Investigaciones han analizado el impacto que tiene el uso del celular durante las interacciones con otras personas. Aunque consultar una notificación de forma ocasional no suele representar un problema, convertir este hábito en algo constante puede afectar la calidad de las conversaciones, reducir la atención hacia los demás y transmitir una sensación de desinterés. Incluso la simple presencia del celular sobre la mesa podría influir en la forma en que las personas se relacionan.
Los expertos explican que una de las conductas más estudiadas es el phubbing, un término que describe la acción de ignorar a quien está presente para prestar atención al celular. Esta práctica puede darse en reuniones familiares, comidas, encuentros con amigos, citas o incluso en el trabajo, y se ha convertido en un comportamiento cada vez más frecuente.
El concepto de phubbing surgió en Australia como la combinación de las palabras inglesas phone (teléfono) y snubbing (desairar o despreciar), en el entorno de Macquarie Dictionary y la agencia McCann Melbourne. Aunque no se considera un trastorno o un diagnóstico médico, sí es reconocido como una conducta social que puede deteriorar la comunicación interpersonal, ya que la atención se desvía constantemente de la conversación hacia la pantalla del dispositivo.
Frente a esta situación, los expecialistas señalan que este comportamiento también puede estar relacionado con factores como el uso excesivo del teléfono, el miedo a perderse información o novedades en redes sociales o la dificultad para establecer límites en el uso de la tecnología.
La evidencia científica también ha relacionado esta conducta con el llamado FOMO (Fear of Missing Out), o miedo a perderse información, conversaciones o eventos importantes.

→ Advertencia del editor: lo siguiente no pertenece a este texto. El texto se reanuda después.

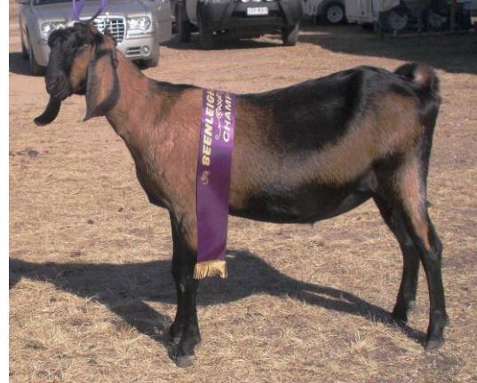
Junior Champion Anglo Nubian Doe
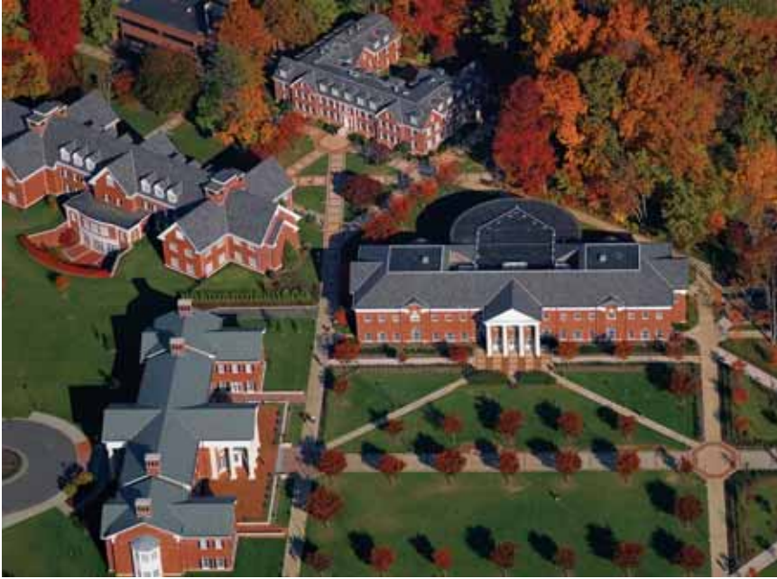
Aerial view of campus.
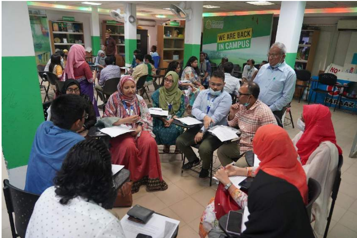
13. Workshop on 'Strengthening Leadership Skills for the Club Leaders' of GUB Clubs by CETL (11 th August 2022)
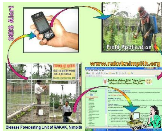
Figure 2: Process of SMS alert system on plant protection advisory through use of cell phone
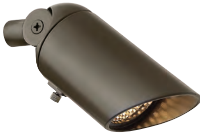
1536 BZDN MR16 DOWN LIGHT 2 1/2" DIA. SHROUD 5 3/4" W x 3 1/4" H

DESIGN NOTE | 1536 BZDN is down light only
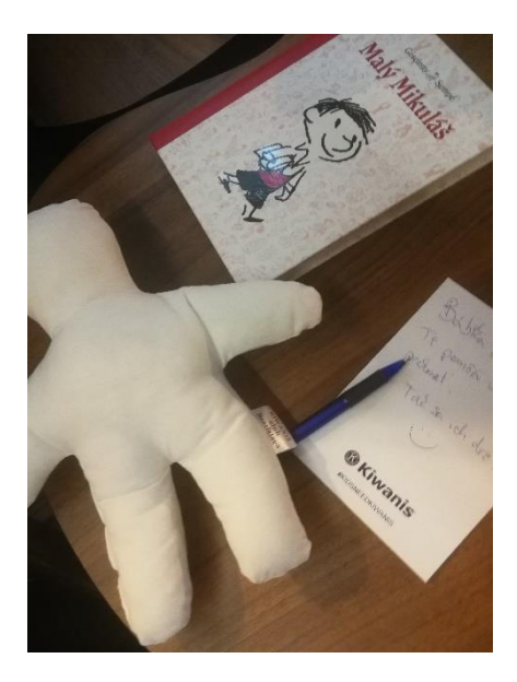
Figure 2 Photos of packing the books, Kiwanis dolls and written personal notes.

The social action during Kiwanis Meetup in Slovakia was packing children's books – that people brought – together with Kiwanis dolls and hand-written personal cards . A few days after the event, these packages were delivered to an agreed kids hospital department.
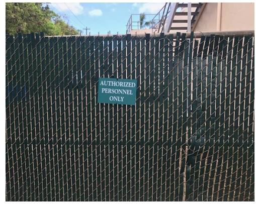
Engineering ordered and installed an "Authorized Personnel Only" sign at the entrance to the STP
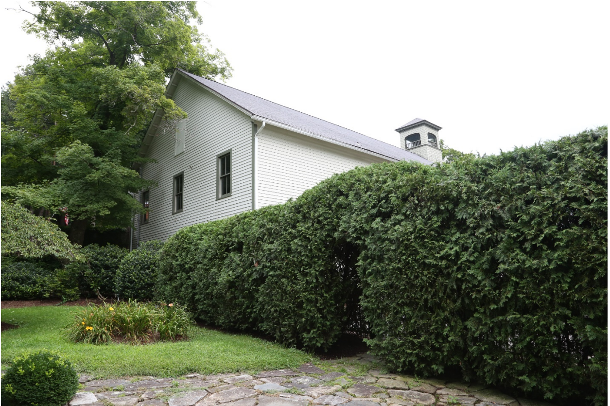
8 of 20. North side of building from neighboring property.
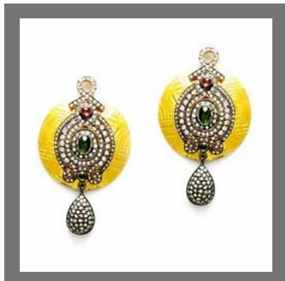
Tourmaline Pave CZ Earrings Jewelry
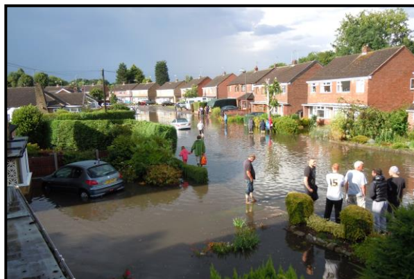
Surface water flooding in Derbyshire

Surface water flooding, often referred to as pluvial flooding, occurs when rainwater or other precipitation does not drain to the subsoil/watercourse but lies on or flows over the ground surface instead. Surface water flooding is often associated with all other sources of flooding and is often related to runoff over steep sided land.
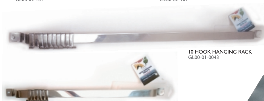
10 HOOK HANGING RACK GL00-01-0043
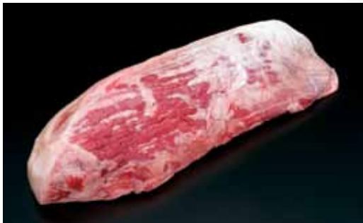
EYE OF ROUND
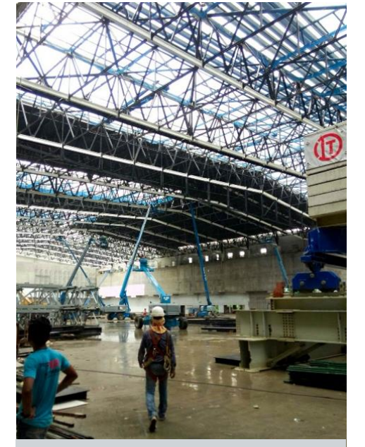
Genie was the only brand to meet the low Occupied Floor Pressure requirements

*Some models may no longer be in production or may have been replaced by newer machines.
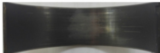
King Engine Bearings
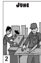
2 (at work)
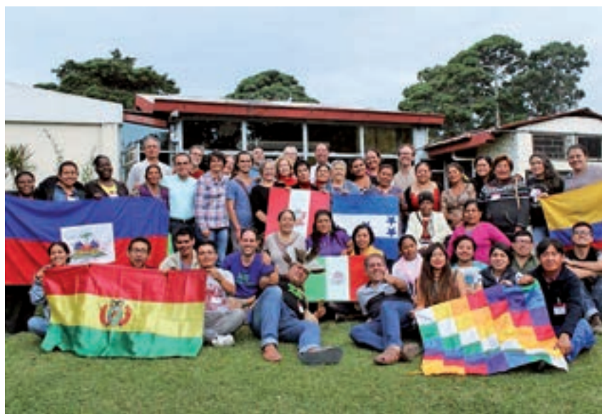
Guatemala City, October 2018: 2 nd Joseph Wresinski Forum on Poverty and Human Rights in Latin America and the Caribbean
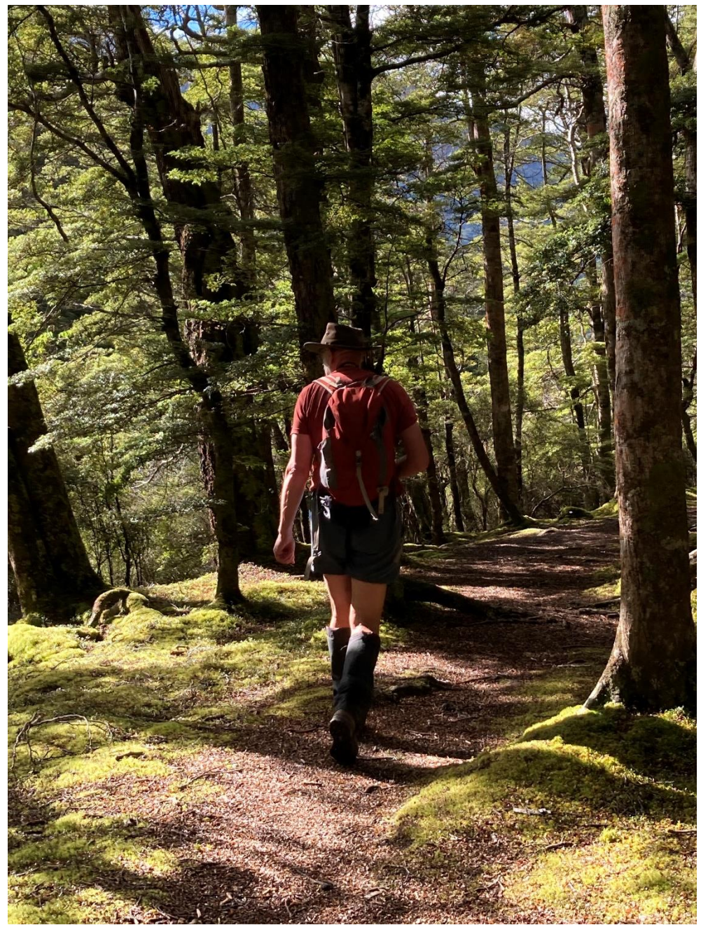
Light and Shade
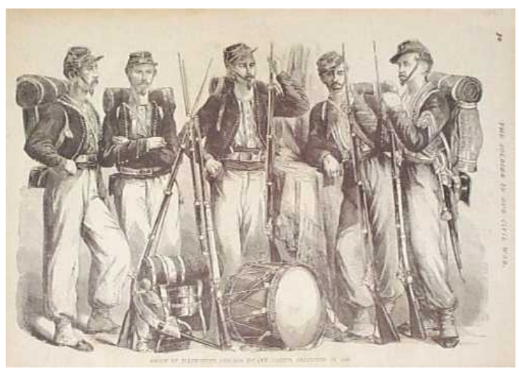
Engraving of Civil War Soldiers

In the early morning damp and cool we marched down off the heights of Brattleboro to take train for this place. Once in the car the, dashing young cavalry officer, who had us in charge, gave notice he had placed men through the cars, with loaded revolvers with orders to shoot any person attempting to escape, or jump from the window, and that any one would be shot if he even put his head out of the window. 28th, 8th month, I863
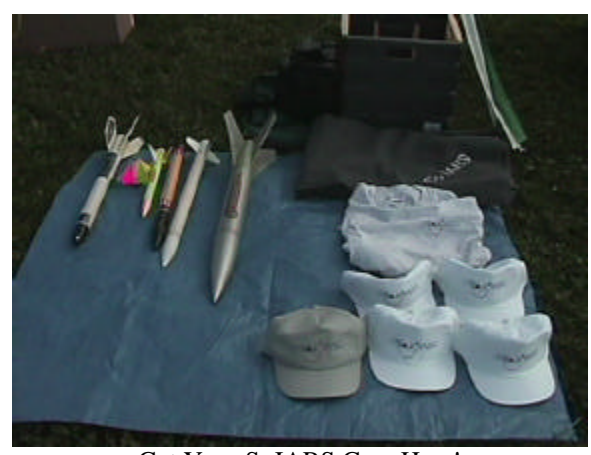
Get Your SoJARS Gear Here! Hats & Ts still available
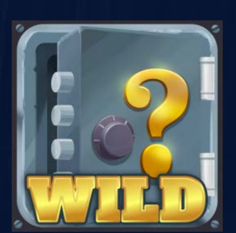
A number from the range: 1 , 2 , 3 , 4 , 5

When a Wild symbol lands, it will obtain one of the following features:
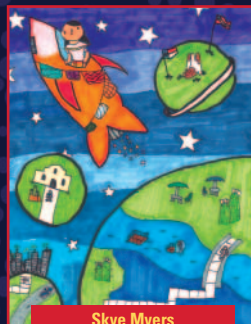
Skye Myers 4th Grade - CCD8
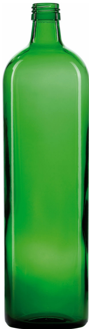
GREEN BEER EMERALD
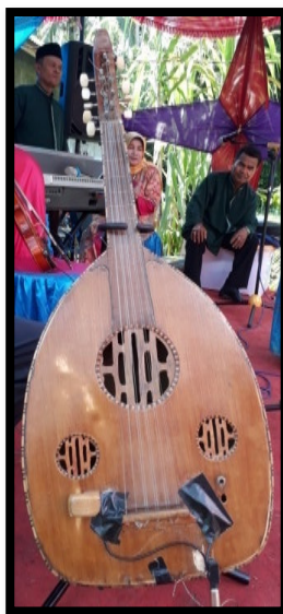
Figure 8. U'd musical instrument (19 January 2019).

U'd consists of 10 strings. According to Desri's statement, U'd instrument is a characteristic of the Gambus Al-Hidayah Orchestra music, because the sound produced by U'd makes the nuances of desert rhythmic music sound very thick. U'd function in the Gambus Al-Hidayah Orchestra performance as a melody carrier and filler.
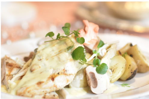
GRILLED CHICKEN BREAST
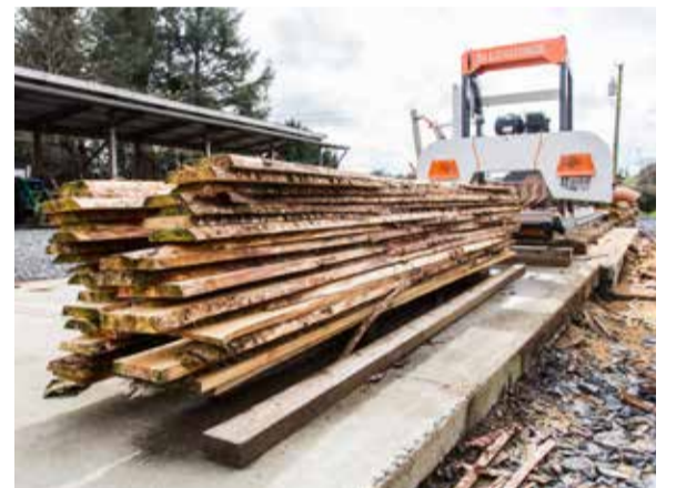
• With a bandsaw mill everything goes faster and you get less waste, says Kristo Dawson.

At the moment Kristo Dawson is very busy building a special type of oven where he can produce charcoal ecologically out of local oak.

Una revisión sistemática y metaanálisis publicada en 2024, que analizó 27 estudios con más de 20.000 participantes, encontró una asociación significativa entre el phubbing y esta preocupación constante por mantenerse conectado y al tanto de lo que ocurre en el entorno digital.
Otro fenómeno vinculado al uso excesivo del celular es la nomofobia, término que describe la ansiedad que experimentan algunas personas ante la posibilidad de quedarse sin acceso a su teléfono. Investigadores de la Universidad de Granada revisaron la literatura científica sobre este comportamiento y concluyeron que puede estar relacionado con problemas como ansiedad, estrés, baja autoestima e incluso un menor rendimiento académico.
Además del impacto individual, los expertos advierten que el phubbing también puede afectar las relaciones personales. Estudios realizados por investigadores de la Universidad de Baylor indican que las interrupciones constantes provocadas por el celular durante una conversación pueden generar conflictos y disminuir la satisfacción en las relaciones de pareja, ya que la persona que tiene enfrente puede sentirse ignorada o percibir que la pantalla recibe más atención que ella.